REMBRANDT-BIJDRAGE .
Zij ’t met schroom, ook ik moet getuigen — helaas, in de achterhoede.
Kind van m’n tijd, minnaar van kunsten, hoe zoude ik zwijgen?
Was de fuif in de Amsterdamsche straten, ’t schor geschreeuw van feestdronken lieden, van kroeg naar kroeg zwaaiend, de keien behossend — ’t getoeter van kinderen als bij ’n voorjaarsmarkt — ’t gegil en gejoel in ’t geschemer van Kalverstraat en Nieuwendij k — was die lompe, Hollandsche vreugde, geluid van ’n volk dat niet weet waarom en voor wat, dat ’n hal ven dag of ’n avond vrij-af, met losbandige kelen en hakken beklinkt — was ’t geen aanstuwing tot bepeinzing van ’n grooten Eenzame ?

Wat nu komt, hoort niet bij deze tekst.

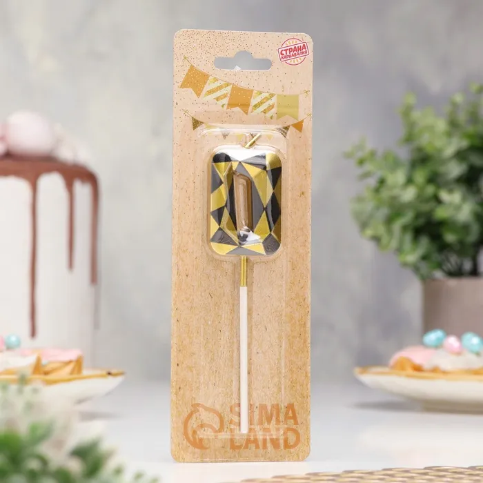 Свеча для торта «Алмаз», цифра 0, золотой с черным — Характеристики
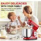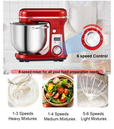 【No Mess in Splash-proof & Anti-slip Compact Design】The Kitchen Food Standing Mixer helps you to keep the kitchen tidy, there is a splash guard to avoid ingredients to spray out. The Electric Mixer covers 35.1 x 28.5 x 31.2 cm, it truly saves space and time. The Stand mixer comes with anti-skid silicone suction feet which is more stable and safer, it helps to reduce the noise as well.
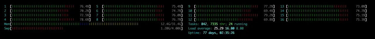 使用 htop 命令可以发现整个系统的 CPU 调用非常饱满:
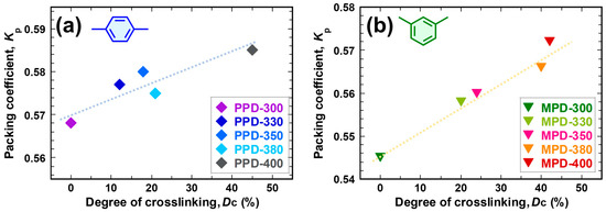Relation between the degree of crosslinking (DC) versus molecular packing coefficients; Kp for (a) PPD-PIs and (b) MPD-PIs.
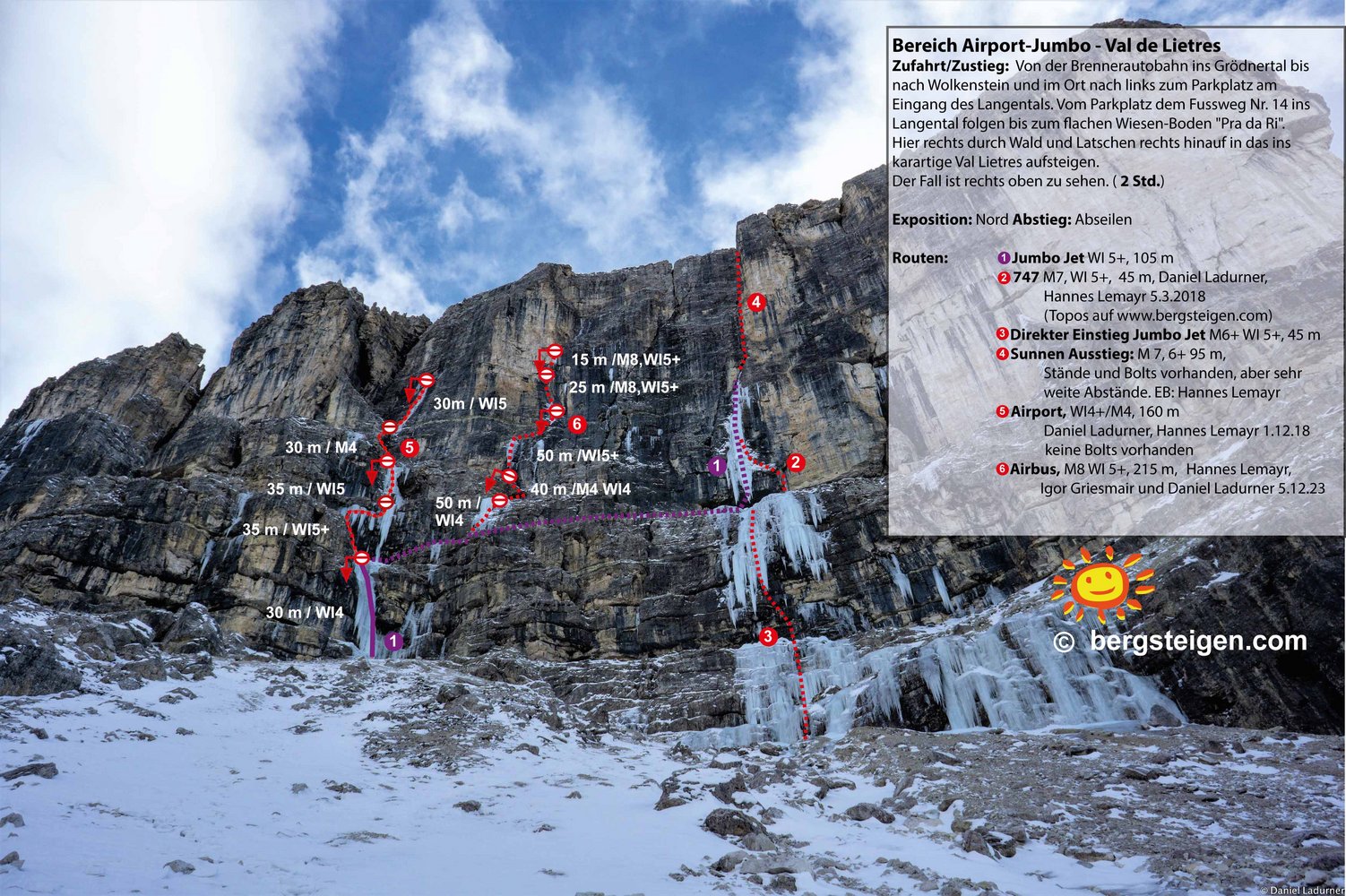 - 50m WI4 (vom ersten stand Jumbo nach rechts und Eis gerade hoch, stand Köpfel auf Band)
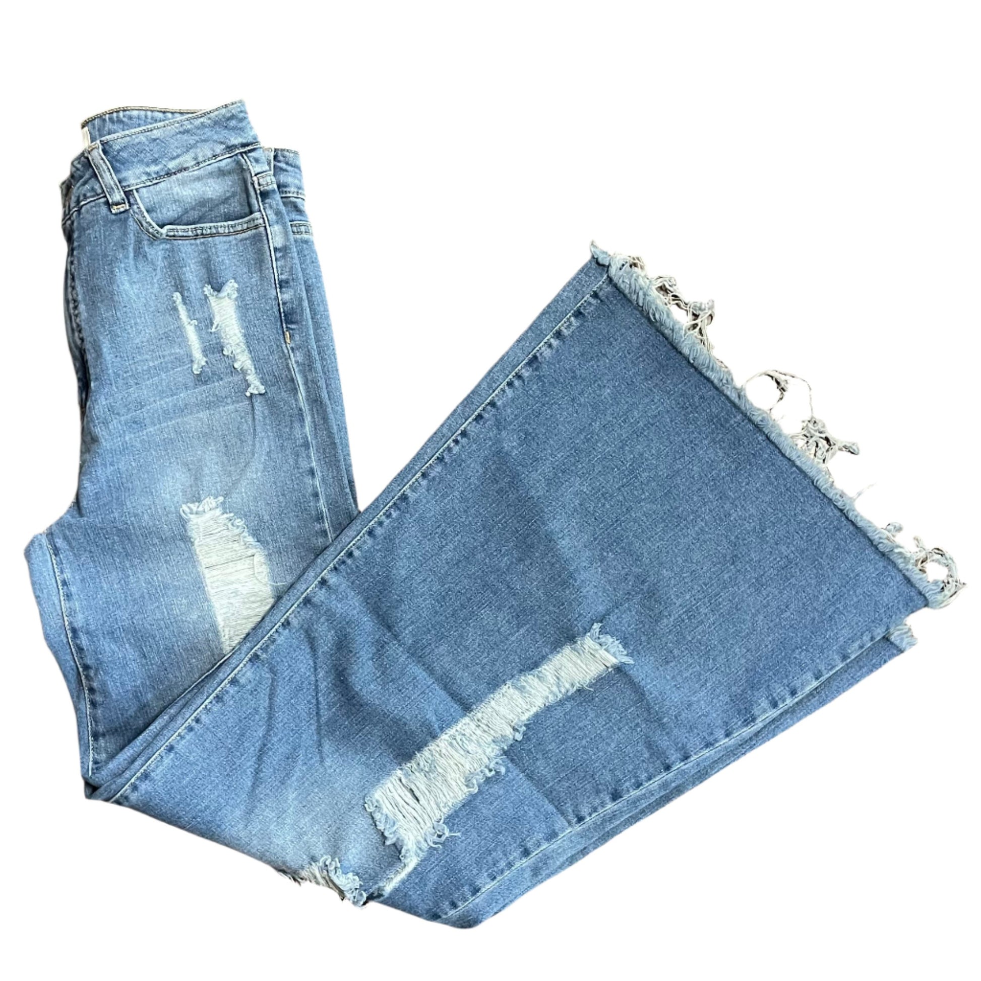 The super flare jeans in light wash are high rise, with distressed legs and hem.
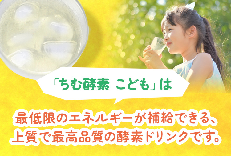 子どもの人生は始まったばかりです。 今がまさに一生もののカラダを創り上げている時。 そして子どもは毎日たくさん遊び、たくさん学び、たくさんエネルギーを消費しています。 《ちむ酵素こども》はお子様の食育の為に開発された酵素ドリンクです。 朝ご飯をパンやシリアルだけのご家庭は食事にプラスしてください。 おやつに、砂糖や添加物たっぷりのお菓子を与えているご家庭はジュースやおやつがわりにどうぞ!上質なピュアエネルギーを手軽に美味しく補給してあげましょう。 ドリンクのほのかな甘みが余計な糖分を欲しなくなります。

Nu ’t opgestampt stof uit de straten weer rust, de maskerade-pakjes alree besprongen door mot, de comité’s slapjes na-vergaderen voor liquidatie en décharge, de Rembrandtuitstallingen heen-vloden, de harten weer kloppen in ’t lauw gedoe van den dag — nu besluipt ons ’n leegte, als na ’n dure bruiloft, die weken in genotrijke voorbereiding hield, om na den uitbundigen feestnacht weeë gaping te geven.